• Work instructions
Transcribe each line of the records below exactly, excluding any embedded images.

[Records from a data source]
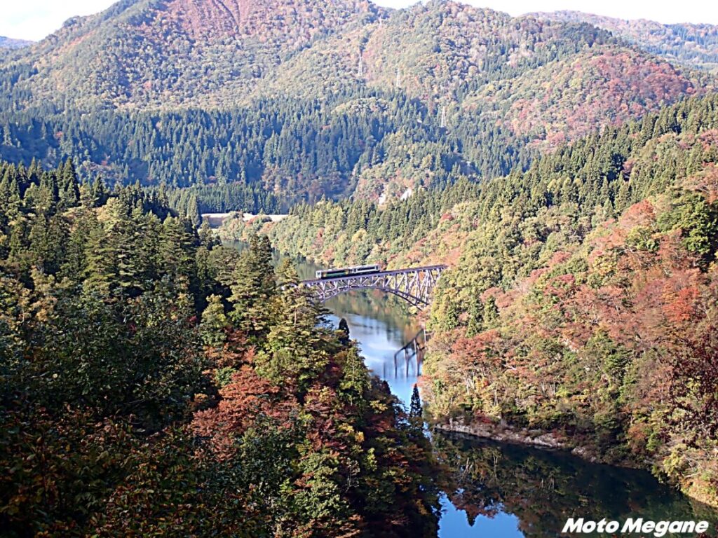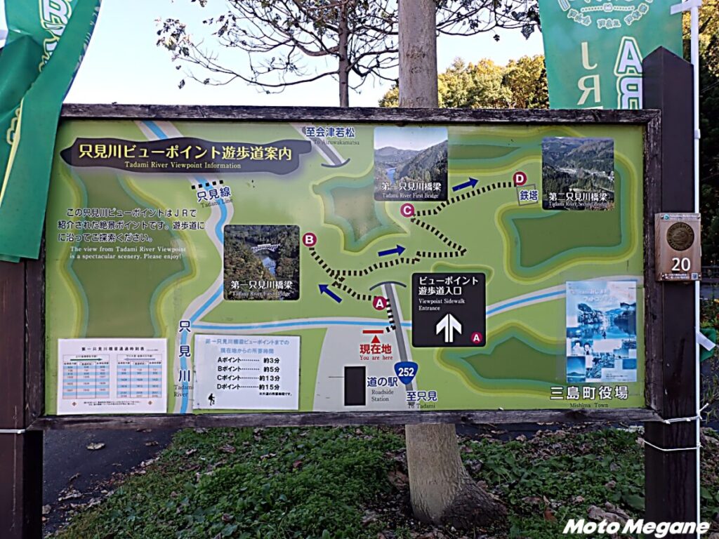 只見川に架かる橋梁と通過する列車の絶好の撮影スポット。道の駅駐車場の奥から遊歩道が続いている。第一橋梁は山を登った先の3ヶ所の展望所から望むことができ、上の展望所からは橋の全景が水面に映る光景を見られる。展望所には列車の通過時刻が掲示されているので、鉄橋を走る列車の時刻はここでチェックが可能だ。
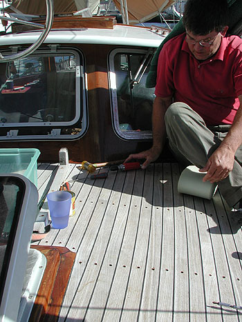 Epoxy met versteviger in de schroefgaten voordat
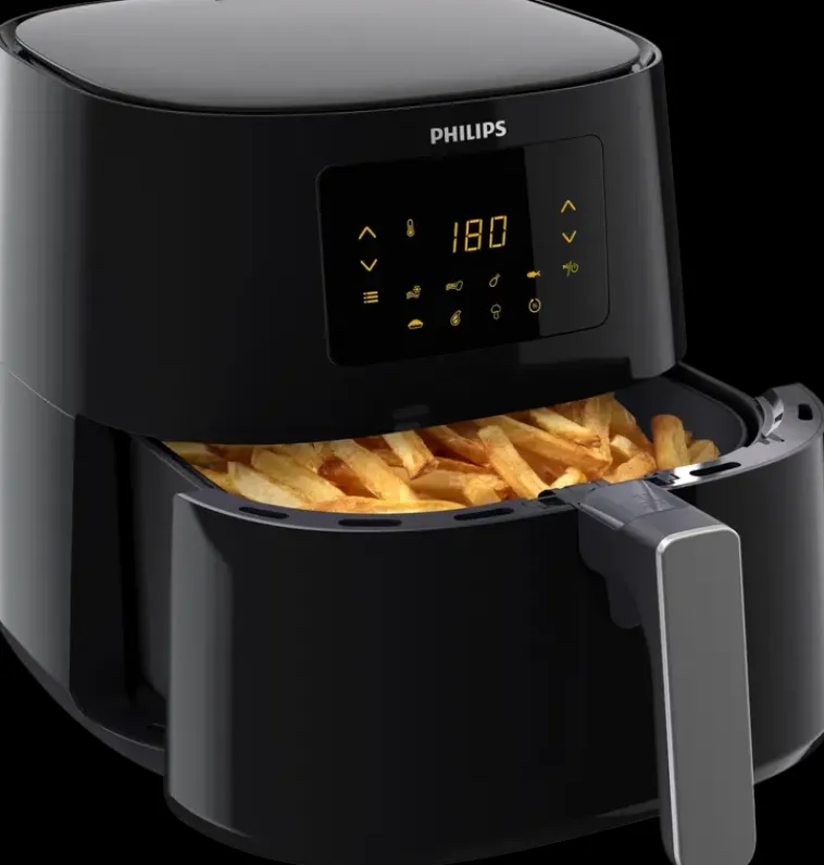 Uusi Philips Essential Airfryer Tarjoaa Loputtomia Ruoanlaittomahdollisuuksia: Friteeraa, Paista, Grillaa, Paahda Tai Jopa Lämmitä! Saat Aina Täydellistä Ruokaa Riippumatta Siitä, Mitä Aiotkaan Valmistaa. Philipsin Rapid Air -Tekniikka Ja Ainutlaatuinen Tähdenmuotoinen Pohja Pyörittää Kuumaa Ilmaa, Jotta Ruoan Pinnasta Tulee Rapea Ja Sisuksesta Mehevä Lähes Ilman Lisäöljyä. Philips Essential Airfryer Kypsentää Lempiruokasi Upean Rapeiksi Käyttäen Jopa 90 % Vähemmän Rasvaa. Philips Airfryer Xl On Suunniteltu Perheellesi: 1,2 Kilogramman Kori Ja 6,2 Litran Vuoka Selviytyvät Monenlaisista Aterioista. Valmista Jopa 5 Annosta Kerralla Perheellesi Tai Kavereillesi. Valmista Ruokaa Koskettamalla Painiketta. Esiasetetut Ohjelmat: Pakastetut Välipalat, Ranskanperunat Tuoreesta Perunasta, Liha, Kala, Kanankoivet, Kakku Ja Grillatut Kasvikset. Nauti Ateria Haluamanasi Aikana. Kun Valitset Lämpimänäpitotilan, Ruoka Pysyy Ihanteellisen Lämpöisenä Jopa 30 Minuuttia. Airfryerin Quickclean-Korin Tarttumaton Pinnoite Helpottaa Puhdistusta. Lisäksi Kaikki Irrotettavat Osat Ovat Konepestäviä. Ilmalla Friteeraaminen Ei Myöskään Tuota Tavallisen Friteerauksen Tavoin Hajuja Kotiisi. Valmista Airfryerilla Monipuolisia, Maukkaita Ja Terveellisiä Aterioita. Tutustu Koneen Aikaa Säästäviin Ominaisuuksiin, Kehitä Ruoanlaittotaitojasi Ja Valmista Upeita Aterioita Perheellesi Päivittäin.
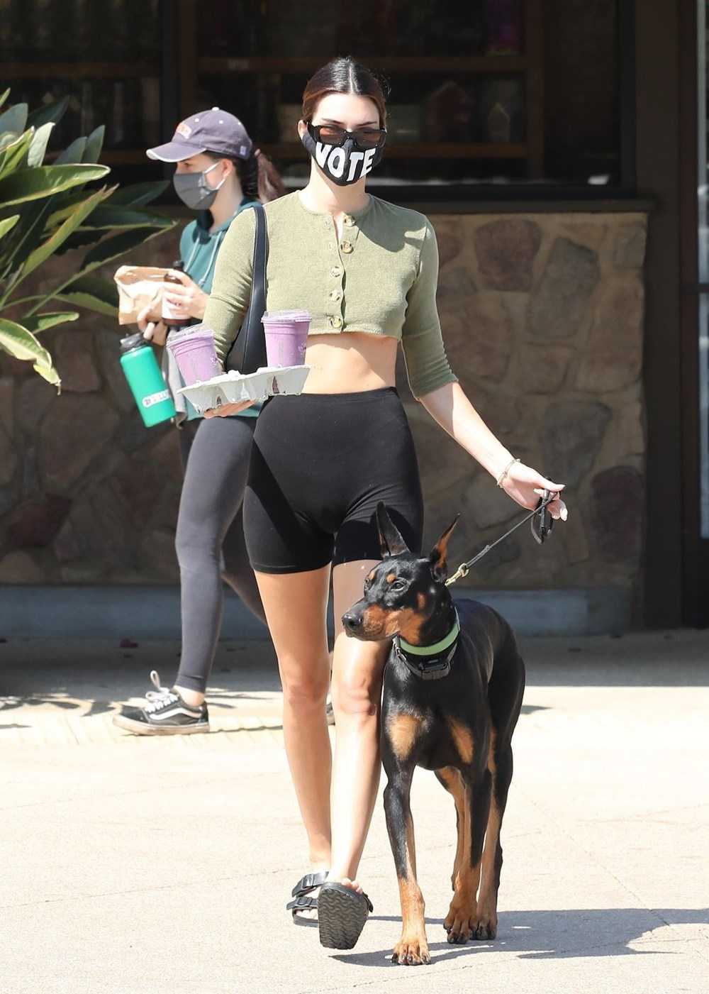 American model Kendall Jenner (24) a mask carrying a political message while taking her dog Pyro out for a ride.
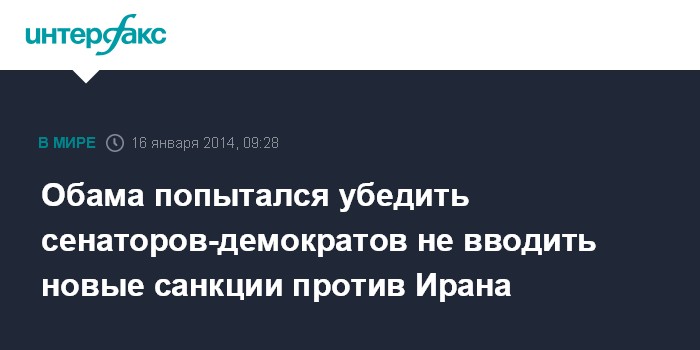 Москва. 16 января. INTERFAX.RU - Президент США Барак Обама на встрече с группой сенаторов-демократов заявил, что пока не видит необходимости во введении дополнительных санкций против Ирана, передает в четверг агентство AP.
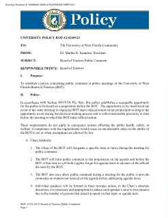 To establish a policy concerning public comment at public meetings of the University of West Florida Board of Trustees (BOT).
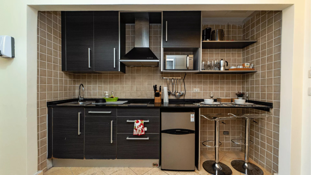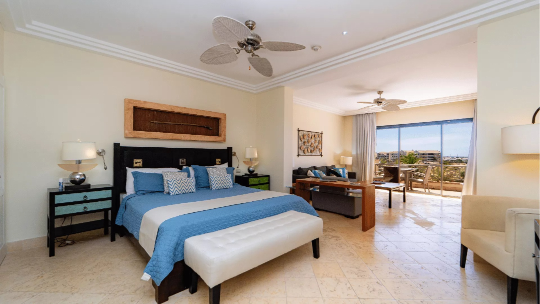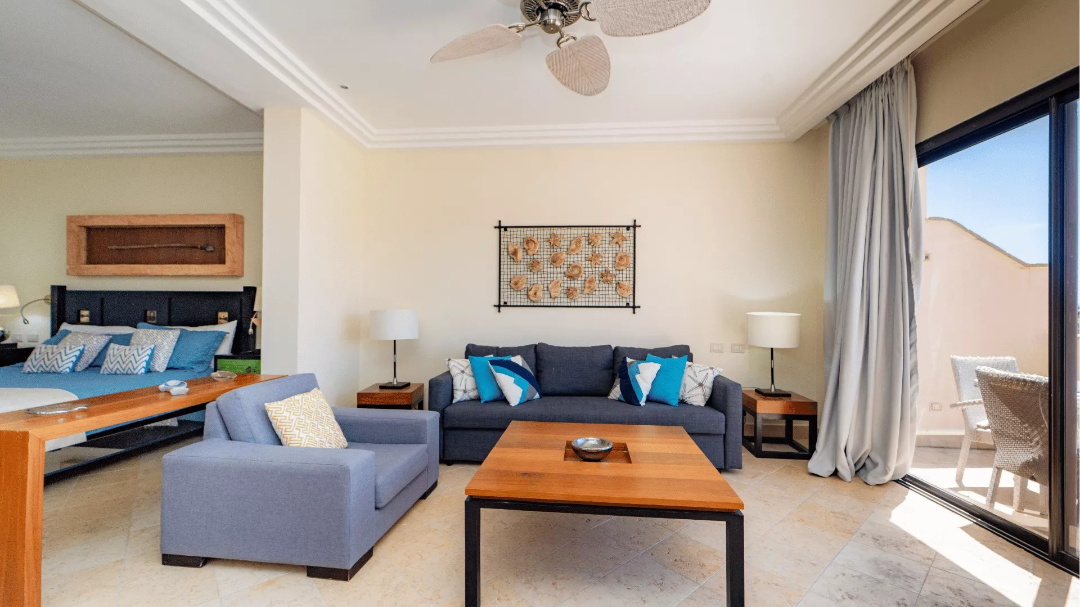 The second unit is a private studio with its own separate entrance, a kitchenette, and a combined living and sleeping space. It also includes a private terrace with equally impressive views of the marina and pool area.
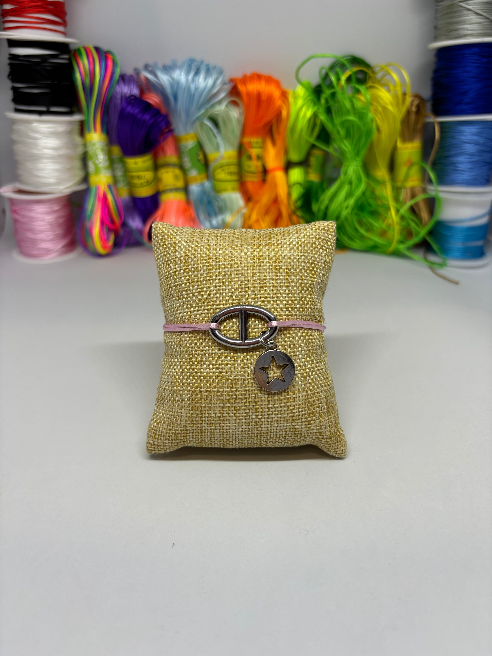 Bracelet cordon ajustable grande maille étoile vide rond
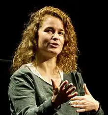 Caledonia Curry (born 1977), whose work appears under the name Swoon, is an American contemporary artist who works with printmaking, sculpture, and stop-motion animation to create immersive installations, community-based projects and public artworks. She is best known as one of the first women Street Artists to gain international recognition.[2][3] Her work centers the transformative capacity of art as a catalyst for healing within communities experiencing crisis.

• Solution for this task
 只見川に架かる橋梁と通過する列車の絶好の撮影スポット。道の駅駐車場の奥から遊歩道が続いている。第一橋梁は山を登った先の3ヶ所の展望所から望むことができ、上の展望所からは橋の全景が水面に映る光景を見られる。展望所には列車の通過時刻が掲示されているので、鉄橋を走る列車の時刻はここでチェックが可能だ。
 Epoxy met versteviger in de schroefgaten voordat
 Uusi Philips Essential Airfryer Tarjoaa Loputtomia Ruoanlaittomahdollisuuksia: Friteeraa, Paista, Grillaa, Paahda Tai Jopa Lämmitä! Saat Aina Täydellistä Ruokaa Riippumatta Siitä, Mitä Aiotkaan Valmistaa. Philipsin Rapid Air -Tekniikka Ja Ainutlaatuinen Tähdenmuotoinen Pohja Pyörittää Kuumaa Ilmaa, Jotta Ruoan Pinnasta Tulee Rapea Ja Sisuksesta Mehevä Lähes Ilman Lisäöljyä. Philips Essential Airfryer Kypsentää Lempiruokasi Upean Rapeiksi Käyttäen Jopa 90 % Vähemmän Rasvaa. Philips Airfryer Xl On Suunniteltu Perheellesi: 1,2 Kilogramman Kori Ja 6,2 Litran Vuoka Selviytyvät Monenlaisista Aterioista. Valmista Jopa 5 Annosta Kerralla Perheellesi Tai Kavereillesi. Valmista Ruokaa Koskettamalla Painiketta. Esiasetetut Ohjelmat: Pakastetut Välipalat, Ranskanperunat Tuoreesta Perunasta, Liha, Kala, Kanankoivet, Kakku Ja Grillatut Kasvikset. Nauti Ateria Haluamanasi Aikana. Kun Valitset Lämpimänäpitotilan, Ruoka Pysyy Ihanteellisen Lämpöisenä Jopa 30 Minuuttia. Airfryerin Quickclean-Korin Tarttumaton Pinnoite Helpottaa Puhdistusta. Lisäksi Kaikki Irrotettavat Osat Ovat Konepestäviä. Ilmalla Friteeraaminen Ei Myöskään Tuota Tavallisen Friteerauksen Tavoin Hajuja Kotiisi. Valmista Airfryerilla Monipuolisia, Maukkaita Ja Terveellisiä Aterioita. Tutustu Koneen Aikaa Säästäviin Ominaisuuksiin, Kehitä Ruoanlaittotaitojasi Ja Valmista Upeita Aterioita Perheellesi Päivittäin.
 American model Kendall Jenner (24) a mask carrying a political message while taking her dog Pyro out for a ride.
 Москва. 16 января. INTERFAX.RU - Президент США Барак Обама на встрече с группой сенаторов-демократов заявил, что пока не видит необходимости во введении дополнительных санкций против Ирана, передает в четверг агентство AP.
 To establish a policy concerning public comment at public meetings of the University of West Florida Board of Trustees (BOT).
 The second unit is a private studio with its own separate entrance, a kitchenette, and a combined living and sleeping space. It also includes a private terrace with equally impressive views of the marina and pool area.
 Bracelet cordon ajustable grande maille étoile vide rond
 Caledonia Curry (born 1977), whose work appears under the name Swoon, is an American contemporary artist who works with printmaking, sculpture, and stop-motion animation to create immersive installations, community-based projects and public artworks. She is best known as one of the first women Street Artists to gain international recognition.[2][3] Her work centers the transformative capacity of art as a catalyst for healing within communities experiencing crisis.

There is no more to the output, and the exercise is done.